Growing Democratic power emboldened whites to resort to violence without fear of reprisal. Between 1889 and 1898 blacks suffered 187 lynchings a year in the United States, four-fifths of them in the South (see Figure 1.9). Southern newspapers reported the hangings in graphic detail to stimulate and attract white readers and to intimidate blacks. In many cases, victims’ eyes were gouged out and their fingers, toes, and genitals were cut off before they were doused with flammable liquids and burned alive. Despite the horrific nature of these executions, spectators traveled long distances to watch. Democratic restoration also led to the expansion of the convict lease system. In 1876 three Georgia companies contracted to lease the state’s convicts for twenty years in return for annual payments of $25,000. The convicts were assigned to labor camps in which brutal and degrading conditions prevailed, and overseers forced them to toil from sunrise to sunset, disciplined by the rod and the whip.

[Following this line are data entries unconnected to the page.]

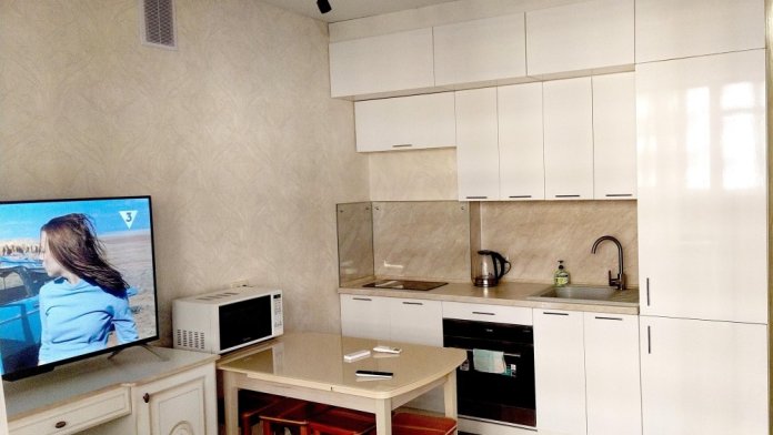 А также в квартире есть: микроволновая печь, духовой шкаф, индукционная печь, кухонные приборы, стиральная машинка, набор полотенец, по квартире вай фай.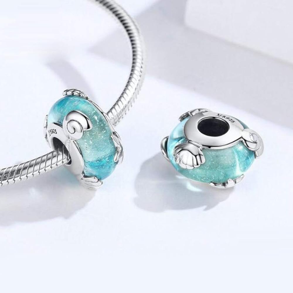 Murano Glass Beads Authentic 925 Sterling Silver Charms Core Faceted Christmas Snowflake Flower Star Glass Charms Bracelet for Women Pandora Bracelet (Blue Snowflakes Charm)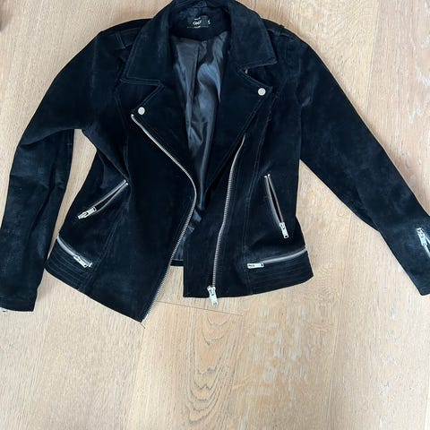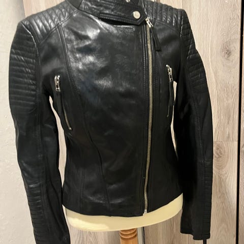 Kort Skinnjakke med tøffe glidlåsdetaljer

Figure 1.9 Lynching Victims

After federal troops pulled out of the South, racial violence gradually reached epidemic proportions, with white southerners lynching thousands of African Americans before the century’s end. The victims, deemed “uppity” by whites, were usually singled out for being too assertive or successful, or for refusing to show the proper deference to whites. These four Kentucky sharecroppers were guilty of being sympathetic toward a black man who had killed his white employer in self-defense. One of the bodies bears the message, “Let white people alone or you will go the same way.”

Photo of African American men hanging dead from a tree.

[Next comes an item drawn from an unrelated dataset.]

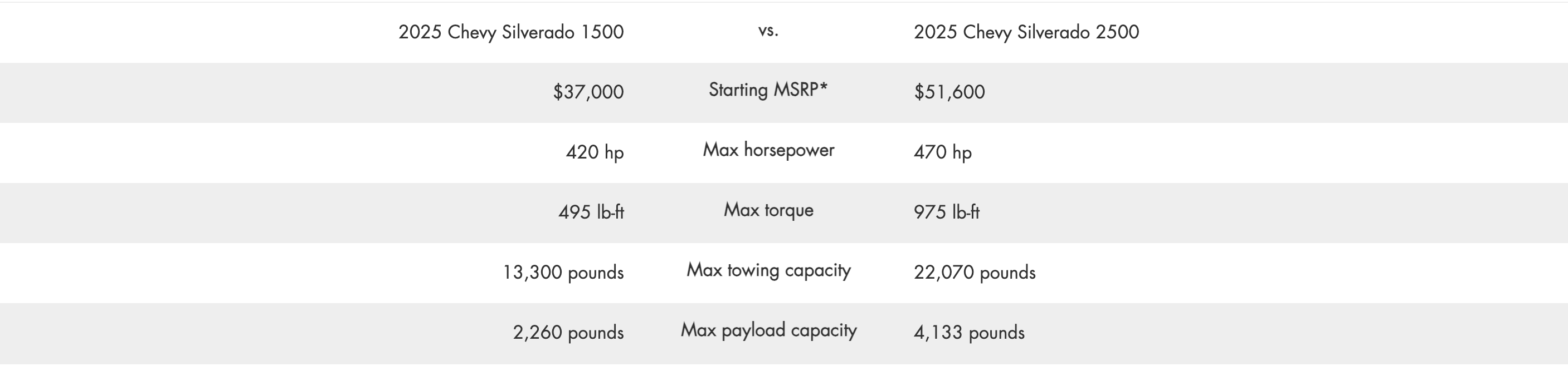 2025 Chevy Silverado 1500 vs. Chevy Silverado 2500

Blacks were not passive victims of white terror. When the Klan attempted to disrupt their lives, blacks often fought back, forming their own paramilitary groups for protection. In Carthage, Mississippi, in 1868 a group of fifteen white vigilantes were turned away because “the colored men were in too great a force to be attacked safely.” While freed people offered organized resistance in areas where their numbers were concentrated, they had a more difficult time in isolated rural regions. Most of the time, however, black protests were limited to appeals to the professed paternalism of whites.

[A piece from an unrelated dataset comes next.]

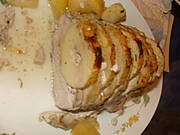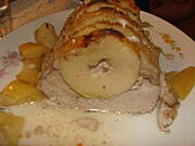 Zuzanno, ja dawno temu skorzystałam z przepisu zamieszczonego w jakiejś gazecie, przepisałam do swojego kajecika i stosunkowo często robię, bo wychodzi soczysty i winny. Schab ok1,5kg, kroję w 1,5cm plastry ale nie do końca,żeby spód pozostał w całości (około 2/3 ) marynuję całą noc w mleku, płuczę i przyprawiam solą, pieprzem i majerankiem. Między plastrami układam 0,5cm plastry jabłka ze skórką, spinam wykałaczką ścisło. Do nagrzanego piekarnika 200 stopni , nakryty. Po godzinie odkrywam, dorzucam 2 jabłka pokrojone w ćwiartki i piekę jeszcze około pół godzinki. Polewam wytworzonym sosikiem.

The most prominent voice belonged to Booker T. Washington. Born in 1856 to a slave woman and her white master, whose identity he never knew, Washington later attended the Hampton Institute in Virginia, a black school established and run by northern whites. In 1881 Washington helped organize the Tuskegee Institute, a state vocational school for blacks. He gained national prominence in 1895 when white organizers invited him to speak at Atlanta’s Cotton States and International Exposition—the first time in southern history that a black man had been asked to address whites at such an important event. In a speech that became known as the “Atlanta Compromise,” Washington told his segregated audience that blacks should put aside their ambitions for political power and social equality and instead focus on developing useful vocational skills. “It is at the bottom of life we must begin, and not at the top,” he said. Political and social equality would proceed naturally once blacks had proven their economic value. To both races, he advised cooperation and mutual respect. Washington’s message of accommodation was almost universally popular with whites. Blacks were more ambivalent. Southern blacks who favored gradual non-confrontational change embraced his philosophy, but some northern black leaders complained that Washington had compromised too much.

For the freed people whose aspirations had been raised by Republican rule, “redemption” was demoralizing. No one could deny the enormous changes that had transformed American society over the previous two decades: slavery had been abolished and the federal government assumed the power to protect individual rights. African Americans created political and social institutions that had not existed before Reconstruction. But as the African American leader W. E. B. Du Bois observed, “The slave went free; stood a brief moment in the sun; then moved back again toward slavery.” Reconstruction had failed to provide blacks with either economic independence or political rights. For many African Americans, the long road to freedom had just begun.